I would be interested what kind of shitty algorythm is doing this… SO I report this BUG, or shall i call it a feature?? :slight_smile:.
However thank you for your kindness to trying to help… but i realized its a BUG
List.jpg

9

that would be actually a SMART algo, as it could exit early and save cpu cycles, but indeed somebody probably forgot to order first!

10

Your shitting me, the firewall rule when accessing an address list, does not treat each address as an individual entry and tries to get cutsy with some sort of half baked list cutoff method??
Unless it says, in some wiki somewhere that order is important in the address list, it shouldnt matter.

11

I agree with Anav. Order SHOULD be irrelevent. “Grad that address list and use it to check for a match”.

I couldn’t care less about order. Imagine the hassle of redoing the entire list if there’s an order issue?? Hope you guys are good with Excel and sorting :smiley:

Major bug if it’s the case.

12

You have misinterpreted my answer: current algo is the right way to go, as it WILL save on CPU cycles, BUT development => Mikrotik should have ordered the list first before using internally.
I did NOT meant that we => the users should be doing the ordering.

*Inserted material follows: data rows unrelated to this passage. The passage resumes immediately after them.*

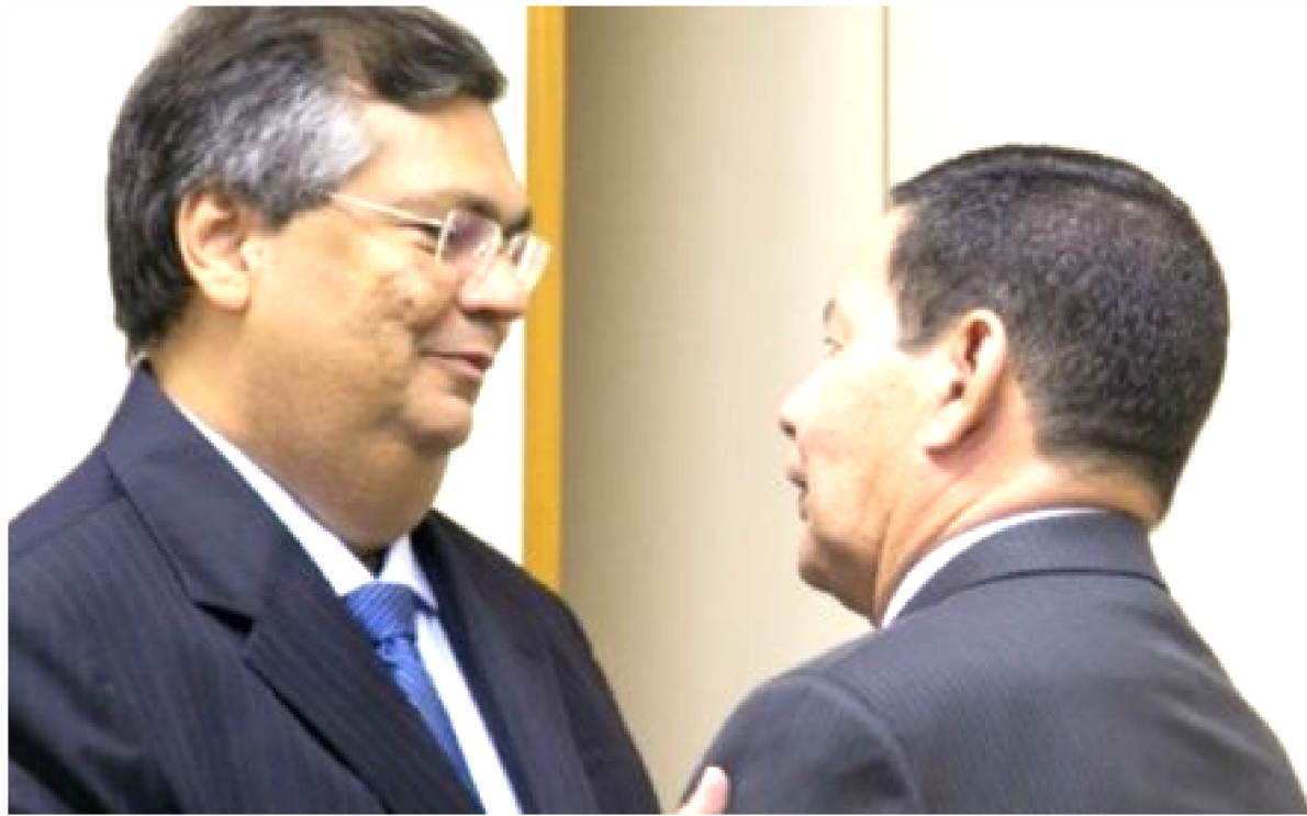
O FATOR IDEOLÓGICO NÃO IMPEDIU O GOVERNADOR DO PCDOB DE MANTER ENCONTRO COM O VICE-PRESIDENTE HAMILTON MOURÃO
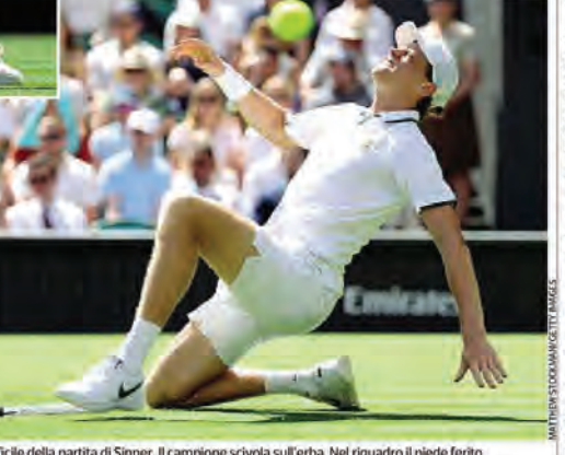
Il momento più difficile della partita di Sinner. Il campione scivola sull'erba. Nel riquadro il piede ferito
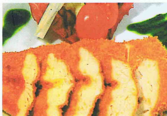
S3 - TORI KASTU (BLANC DE POULET PANÉ FRIT)
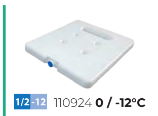
1/2-12 110924 0 / -12°C
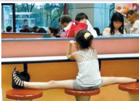
微博搞笑排行榜:小朋友,占个位置而已,不用这么霸气吧?
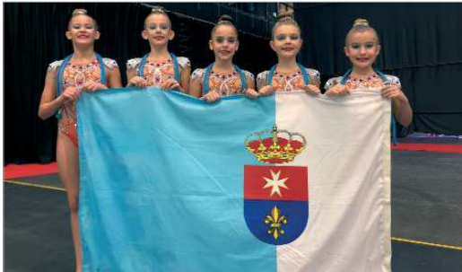
El Conjunto Alevín Base cuajó una gran actuación en Pamplona.

El Club Oso Panda Rinconada compite a gran nivel en el Campeonato de España de Conjuntos de Base y Copa Base Individual celebrado en Pamplona
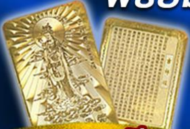
แถมฟรี แผ่นทองเจ้าแม่กวนอิม
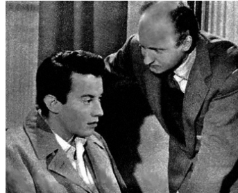
1950 PAS DE PITIÉ POUR LES FEMMES de Christian Stengel avec Michel Auclair
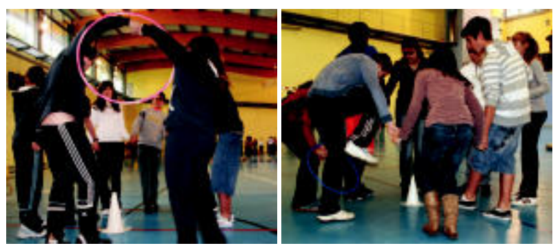
Eskuak askatu gabe taldeko guztien arteko uztai pasatzea izan zen jolasetako bat. I. GARCIA

ANOETA ▶ Xiba proiektuaren baitan, Anoetako Ikastolako, Tolosako Hirukide eskolako eta Alegiko Aralar Institutuko DBH3ko ikasleak jolasean aritu dira
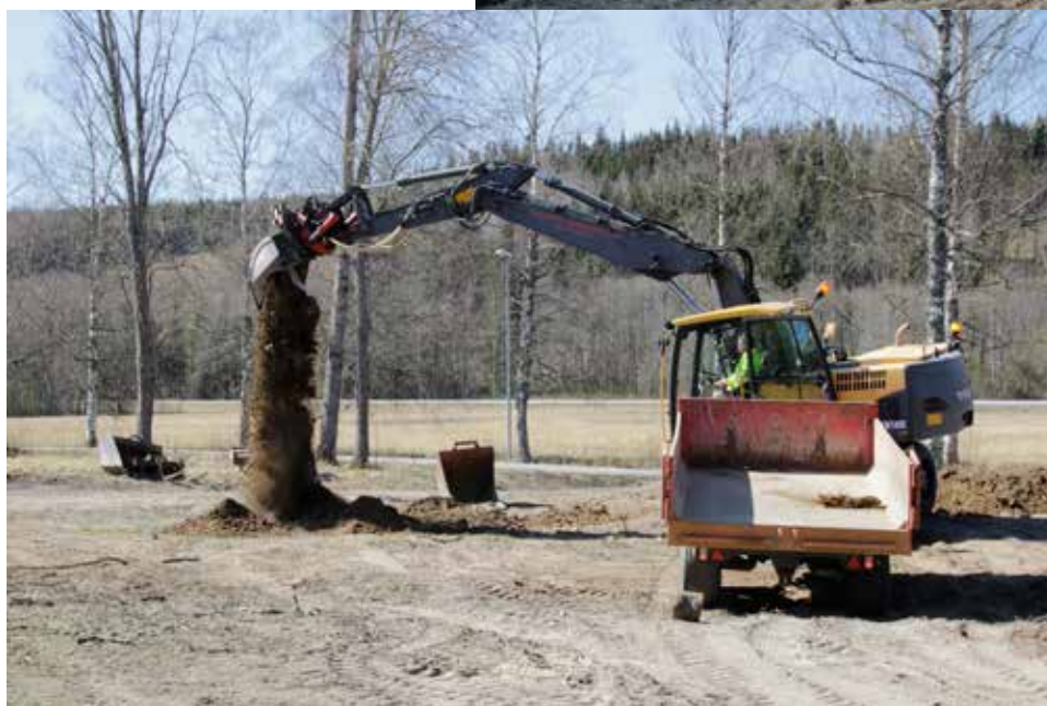
Till vänster: Vissa arbetsuppgifter krävde insatser av externa entreprenörer.

Basically, I fully expect to be two versions of each list:

  • as specified by configuration
  • as optimised for internal use

Each time the orignal list changes, the internal one should be updated.

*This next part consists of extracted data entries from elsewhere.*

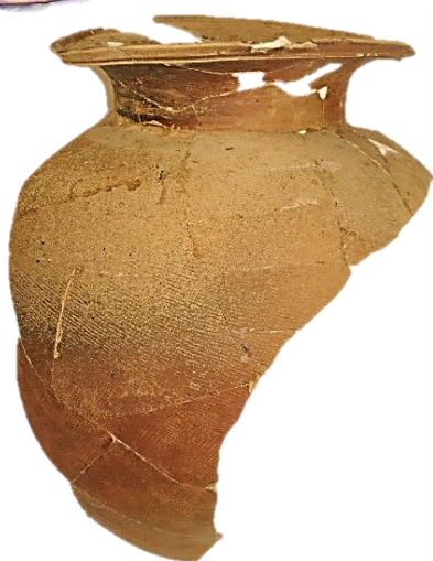
玉名郡倉跡出土の須恵器（大甕）
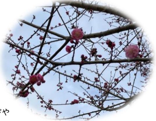
日に日に花開く昇降口前の紅梅
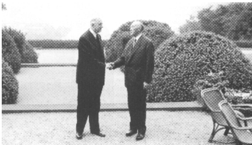
22 février 1963 : Traité de l'Élysée d'amitié franco-allemande

Ce fut un véritable événement historique quand, en 1963 par le Traité de l'Élysée, Charles de Gaulle et Konrad Adenauer portèrent à un niveau tout à fait nouveau les relations entre Français et Allemands. Ils conclurent le traité d'amitié franco-allemande et se promirent de mieux travailler ensemble au niveau de la défense. Bien que le Traité ait constitué une bonne base pour de futures coopérations, rien de très important ne fut fait dans les vingt ans suivant sa conclusion. Certes, quelques grands programmes d'armement ont pu être réalisés ensemble - l'avion de transport "Transall", l'Alpha Jet et des armes de défense antiaérienne et de combat antichars-. Toutefois, il a fallu attendre que François Mitterrand et Helmut Kohl aient été élus dans leurs pays respectifs pour qu'une forme concrète - voire une structure - soit donnée à la coopération militaire. Les deux hommes politiques ont ainsi poursuivi l'oeuvre commencée par Valéry Giscard d'Estaing et Helmut Schmidt.
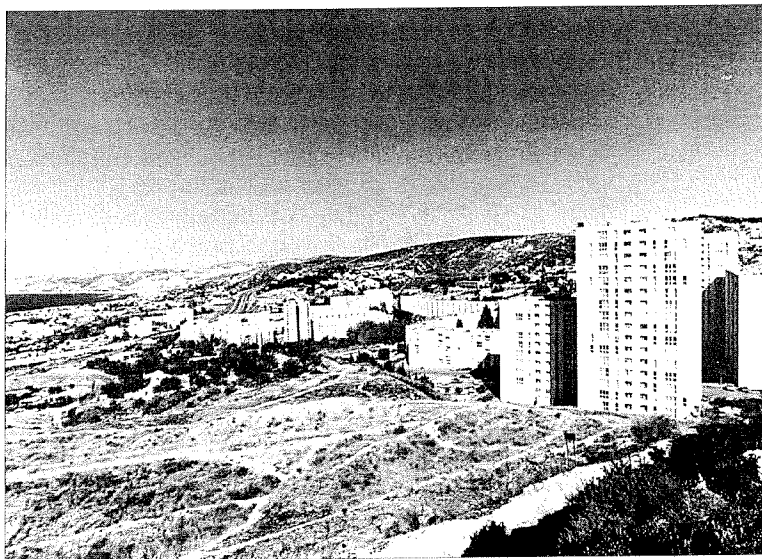
Deux des trois cités concernées, au-dessus de l'Estaque.

En France, seul l'État peut instaurer un tel espace, qui égalise théoriquement les poids symboliques du fort et du faible. Il le peut au nom de l'intérêt général, qu'il a en charge. Cela ne veut pas dire qu'il le fait. Cependant, une doctrine administrative nouvelle lui en fait un devoir. C'est celle de l'État régulateur, « stratège et garant de l'intérêt général » 5 . Cette doctrine repose sur la critique du traitement administratif des problèmes au sein des appareils de l'État, sans prise en compte suffisante des avis des usagers et des résultats effectifs de l'action publique. A l'opposé, l'État «stratège» privilégierait « l'effort de connaissance partagé avec les acteurs économiques et sociaux, la mise en œuvre des décisions publiques par des services à l'écoute des usagers, l'évaluation systématique des politiques publiques ». Cette doctrine nouvelle, justifiée par l'analyse des défis auxquels est exposée la société française des années 1990
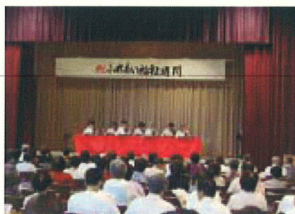
(演芸大会「大正琴の演奏」)
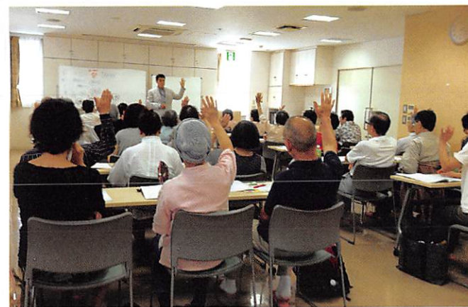
「終活セミナー」の様

『人生まるごと支援』相談員による『終活セミナー』開催中。 出張講座もお受けしています。
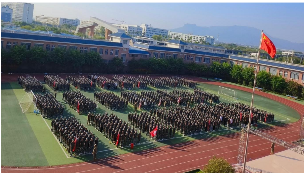
图2.1-3：2024年10月进行新生军训活动
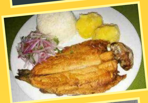
Trucha Frita (papas sancochada ó fritas + ensalada) (Todos los días)
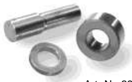
Art.-Nr. 3926310 Art.-Nr. 3926320 Art.-Nr. 3926330

Hoping this clarifies my comment.

13

Sorry no capiche… The address list is just that, the order should not be a factor or important, each address is equal in an address list.
If you want a new feature, an ordered address list, then call it something different such as (address-list-ordered). How that is implemented and used will be mikrotik programming, but I can see them allowing any order of entry and then the algorithm auto-orders the list each time you hit apply.

14

Consider this: there is a list of 100 entries.

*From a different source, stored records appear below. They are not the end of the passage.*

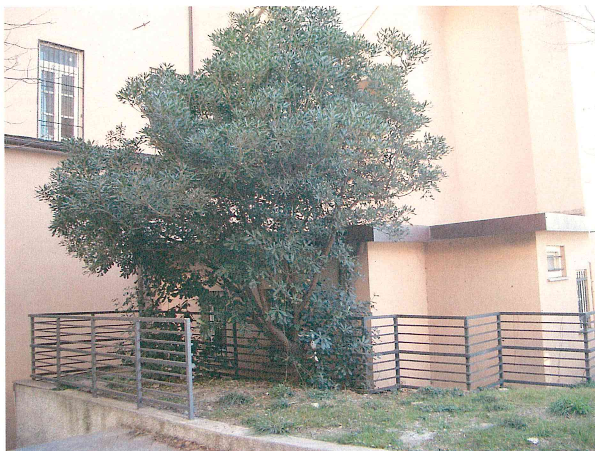
Foto 7 – Particolare aiuola da risagomare per l'inserimento della nuova rampa. Il pitosforo dovrà essere ricollocato come da elaborati grafici
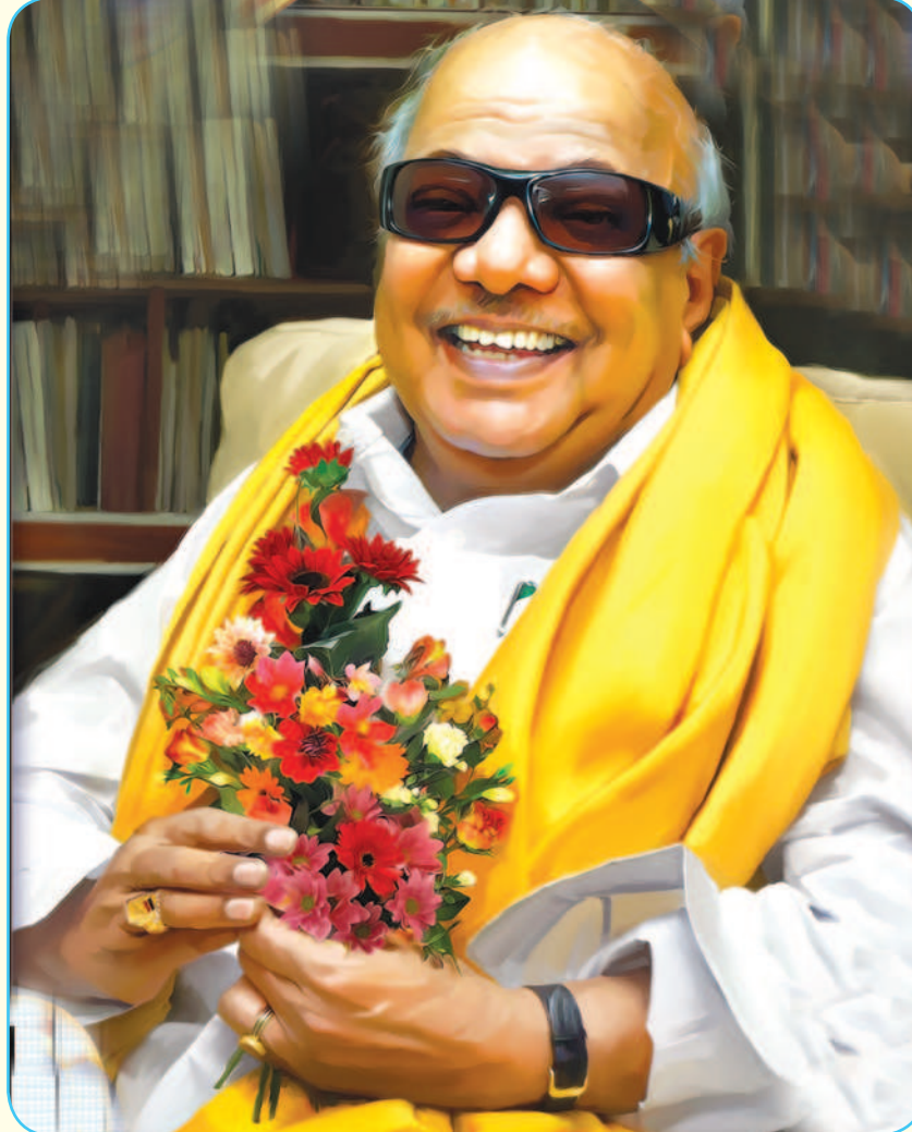
மக்களாட்சிக்கு விரோதமான சக்திகள்

சட்டமன்றத் துறை, நீதித் துறை, நிர்வாகத் துறை மற்றும் பத்திரிகைகள் துறை என நான்கு தூண்களே மக்களாட்சி எனும் மணி மண்டபத்தைத் தாங்கிக் கொண்டிருக்கின்றன. அந்தத் தூண்கள் எத்தகைய தூய்மையான நோக்கத்தை தாங்கிப் பிடிப்பதற்காக உருவாக்கப்பட்டனவோ அந்த நோக்கங்கள் இந்த நூற்றாண்டில் மிகப் பெரும் சோதனைக்குள்ளாகி சவால்களை எதிர்நோக்கி உள்ளன.
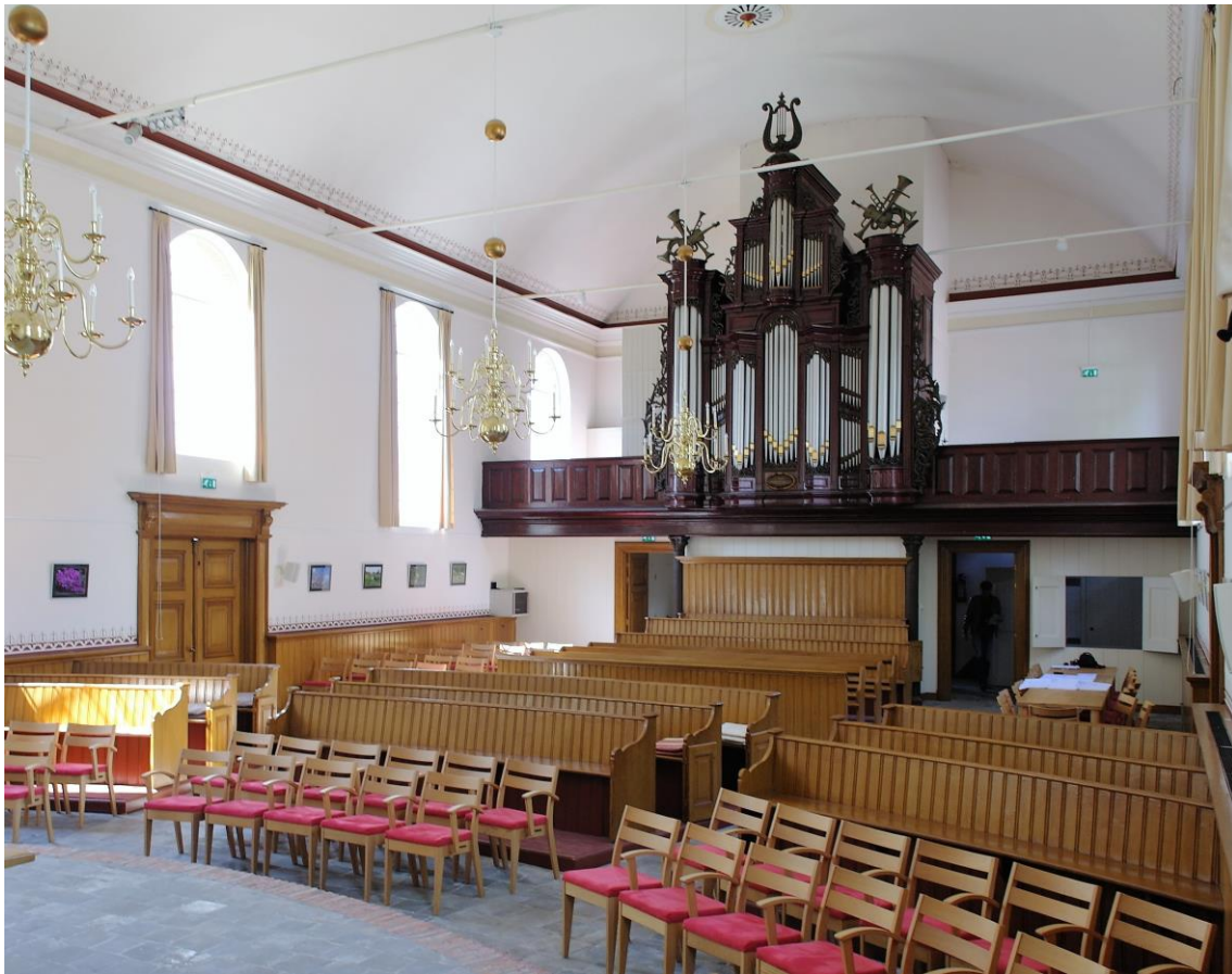
Het orgel en het orgelbalkon in het schip van de kerk

  • with no order, each entry has to be considered → this will result in 100 comparisons => linear search
  • with order, the order can be used to search for a possible match, starting in the middle, if “equal” → bingo, if “smaller” → take middle of lower half, if “bigger” → take middle of higher half
    this algo will travers the same list of 100 entries much faster

see: https://en.wikipedia.org/wiki/Binary_search_algorithm

15

Example your are not quoting Mikrotik Address lists per se, which are built upon the premise of INCLUSION (each independent) or EXCLUSION (each independent), all some or none scenarios - whatever is on the list is either included (accept), excluded (dropped), etc…
You wish to create a new capability called an ordered-list, which then all kinds of programming rules can be applied.

16

I don’t WISH anything (in this context :slight_smile: ). Was offering possible explanation to current / observed behaviour. That’s all.
Lets close…

17

Sure thing! I think your idea has tremendous merit though and should be considered as a potential feature.